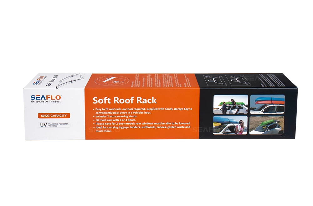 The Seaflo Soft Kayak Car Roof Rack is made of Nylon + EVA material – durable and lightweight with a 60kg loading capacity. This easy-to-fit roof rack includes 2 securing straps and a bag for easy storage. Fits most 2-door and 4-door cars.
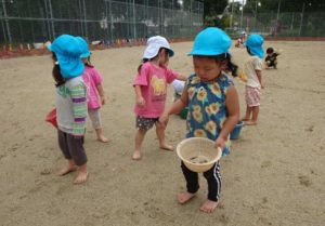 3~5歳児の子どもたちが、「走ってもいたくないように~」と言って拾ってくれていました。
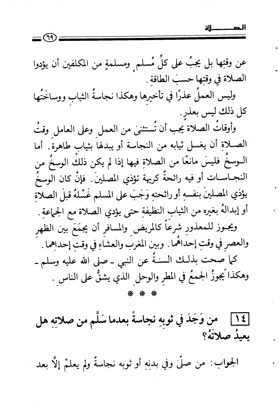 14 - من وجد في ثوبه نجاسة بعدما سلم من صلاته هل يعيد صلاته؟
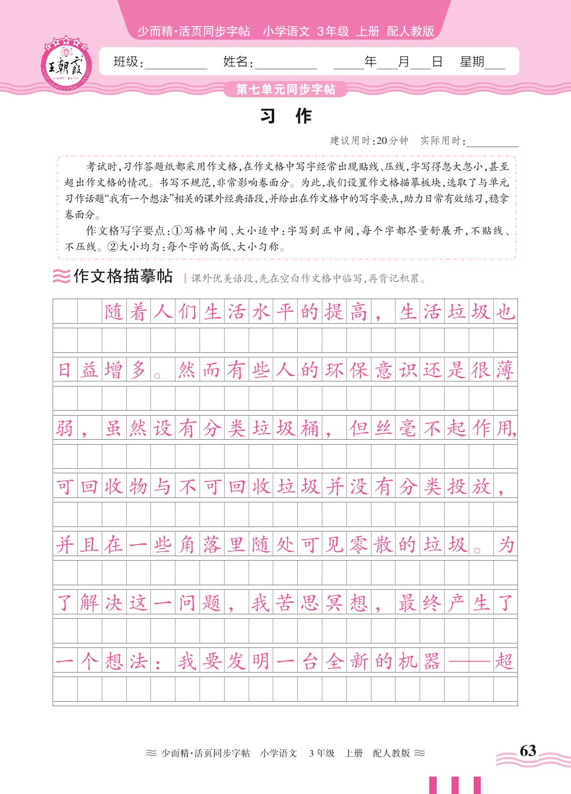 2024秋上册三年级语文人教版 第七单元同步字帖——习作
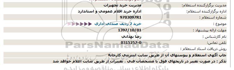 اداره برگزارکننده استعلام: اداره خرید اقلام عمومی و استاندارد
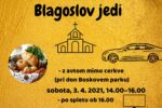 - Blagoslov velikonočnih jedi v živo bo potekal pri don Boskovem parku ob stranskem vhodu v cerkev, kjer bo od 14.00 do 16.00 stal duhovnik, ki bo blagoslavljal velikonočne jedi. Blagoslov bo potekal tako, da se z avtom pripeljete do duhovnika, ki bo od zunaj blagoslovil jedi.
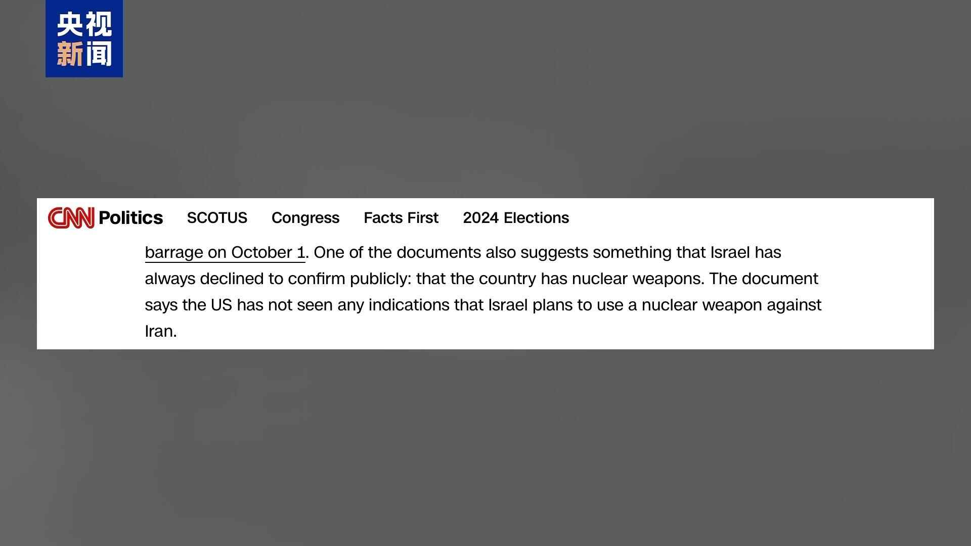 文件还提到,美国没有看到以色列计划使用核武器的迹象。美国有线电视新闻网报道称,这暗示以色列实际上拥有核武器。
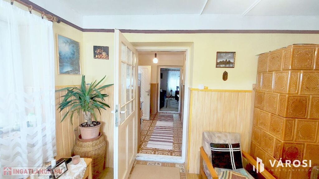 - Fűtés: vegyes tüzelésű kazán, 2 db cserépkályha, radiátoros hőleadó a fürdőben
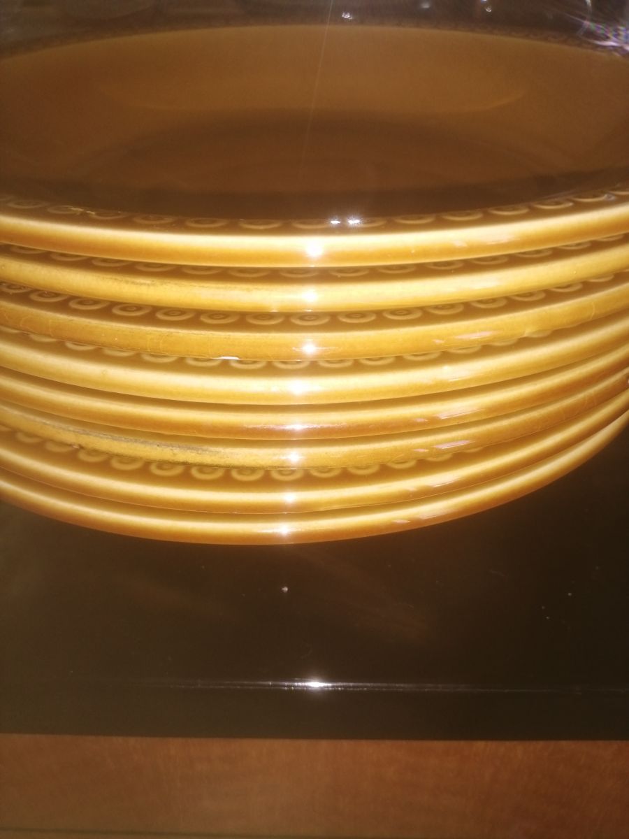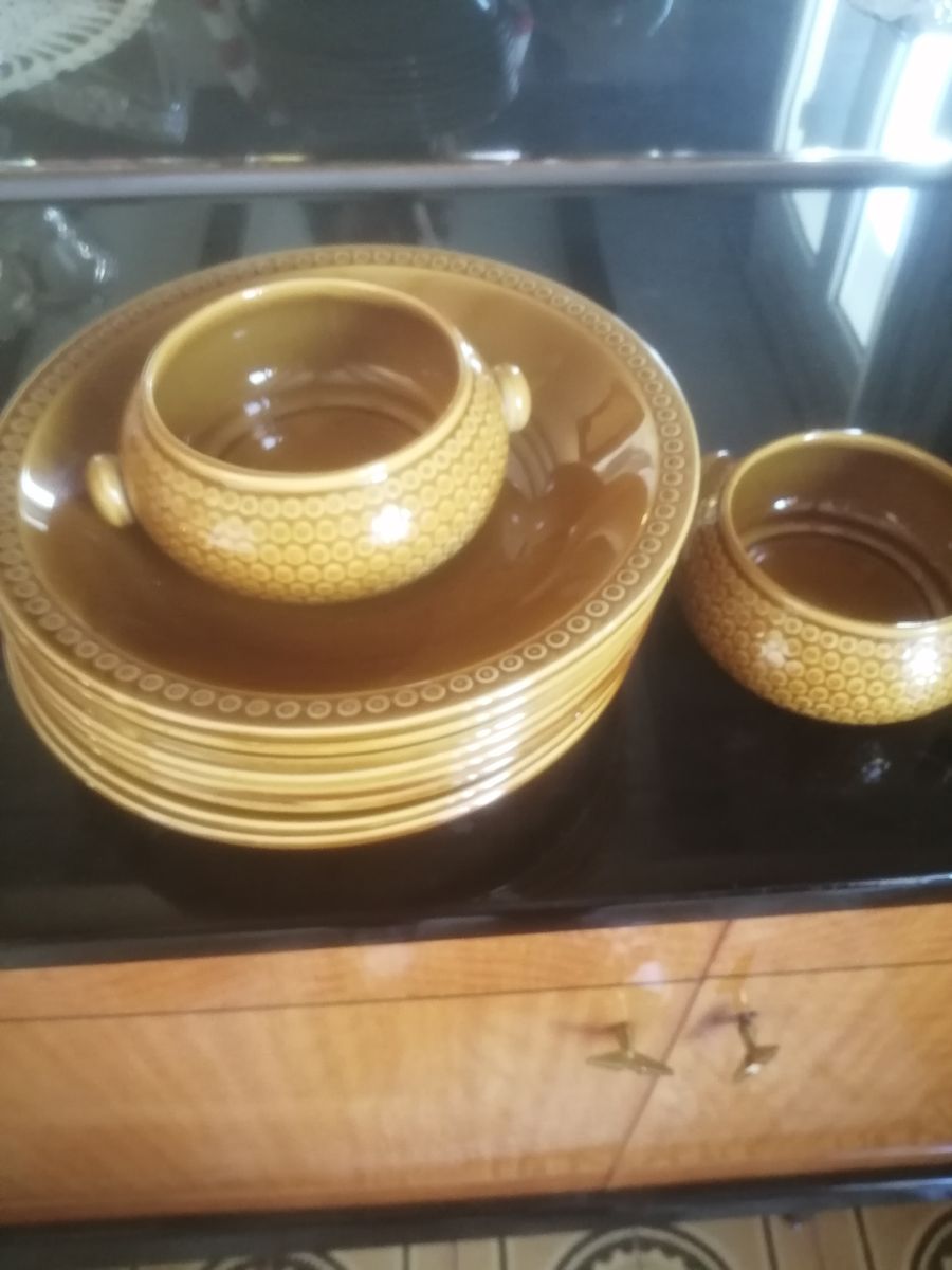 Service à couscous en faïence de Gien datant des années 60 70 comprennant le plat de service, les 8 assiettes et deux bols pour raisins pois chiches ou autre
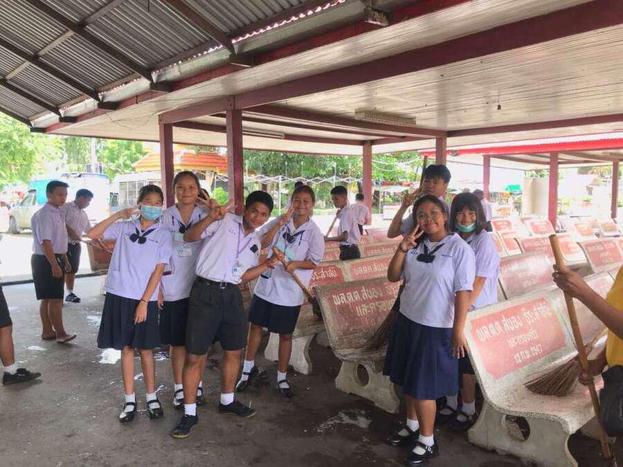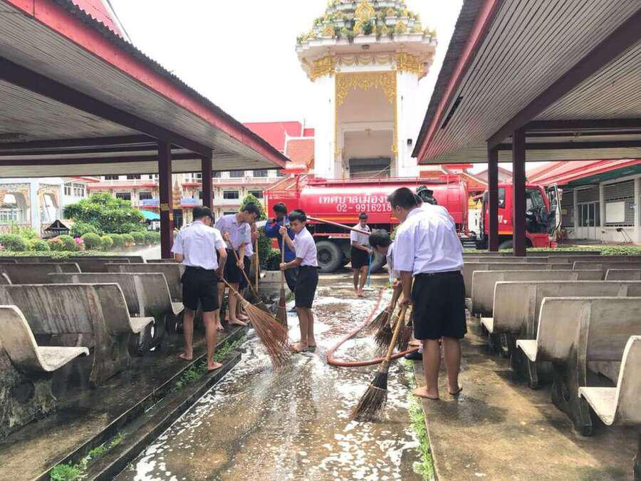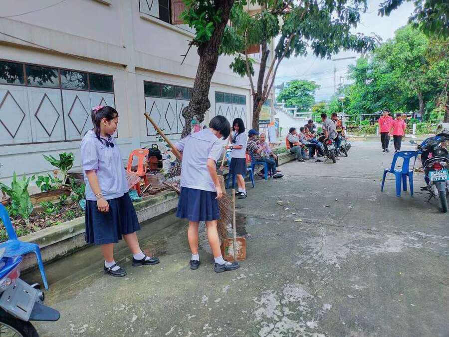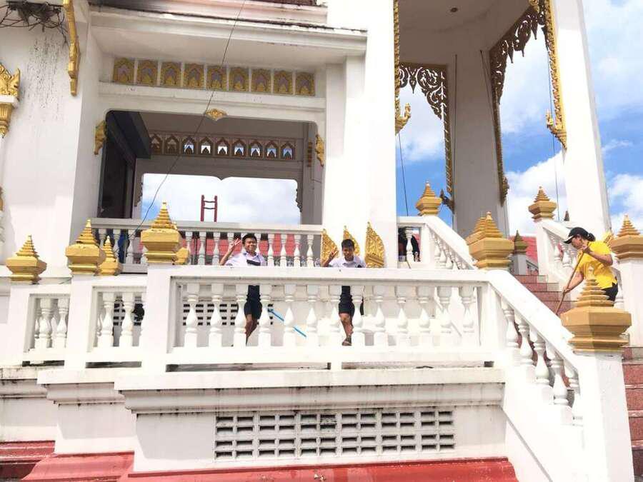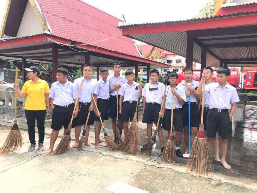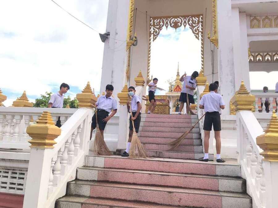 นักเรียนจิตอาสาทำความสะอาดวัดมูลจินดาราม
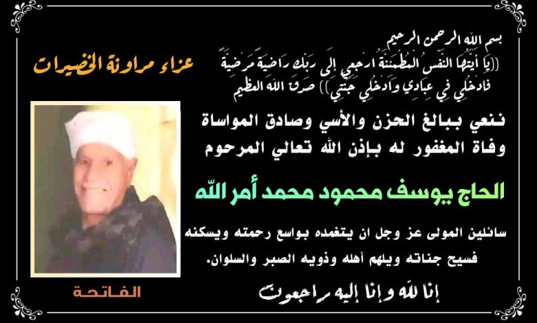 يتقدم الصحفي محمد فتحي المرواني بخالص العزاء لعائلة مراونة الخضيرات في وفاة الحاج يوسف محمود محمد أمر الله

Brief
Quote, word for word and nothing more, every line from the line with "3~5歳児の子どもたちが、「" to the end of the entries, including both ends; skip any pictures.

Solution to the exercise
 3~5歳児の子どもたちが、「走ってもいたくないように~」と言って拾ってくれていました。
 14 - من وجد في ثوبه نجاسة بعدما سلم من صلاته هل يعيد صلاته؟
 2024秋上册三年级语文人教版 第七单元同步字帖——习作
 اداره برگزارکننده استعلام: اداره خرید اقلام عمومی و استاندارد
 - Blagoslov velikonočnih jedi v živo bo potekal pri don Boskovem parku ob stranskem vhodu v cerkev, kjer bo od 14.00 do 16.00 stal duhovnik, ki bo blagoslavljal velikonočne jedi. Blagoslov bo potekal tako, da se z avtom pripeljete do duhovnika, ki bo od zunaj blagoslovil jedi.
 文件还提到,美国没有看到以色列计划使用核武器的迹象。美国有线电视新闻网报道称,这暗示以色列实际上拥有核武器。
 - Fűtés: vegyes tüzelésű kazán, 2 db cserépkályha, radiátoros hőleadó a fürdőben
 Service à couscous en faïence de Gien datant des années 60 70 comprennant le plat de service, les 8 assiettes et deux bols pour raisins pois chiches ou autre
 นักเรียนจิตอาสาทำความสะอาดวัดมูลจินดาราม
 يتقدم الصحفي محمد فتحي المرواني بخالص العزاء لعائلة مراونة الخضيرات في وفاة الحاج يوسف محمود محمد أمر الله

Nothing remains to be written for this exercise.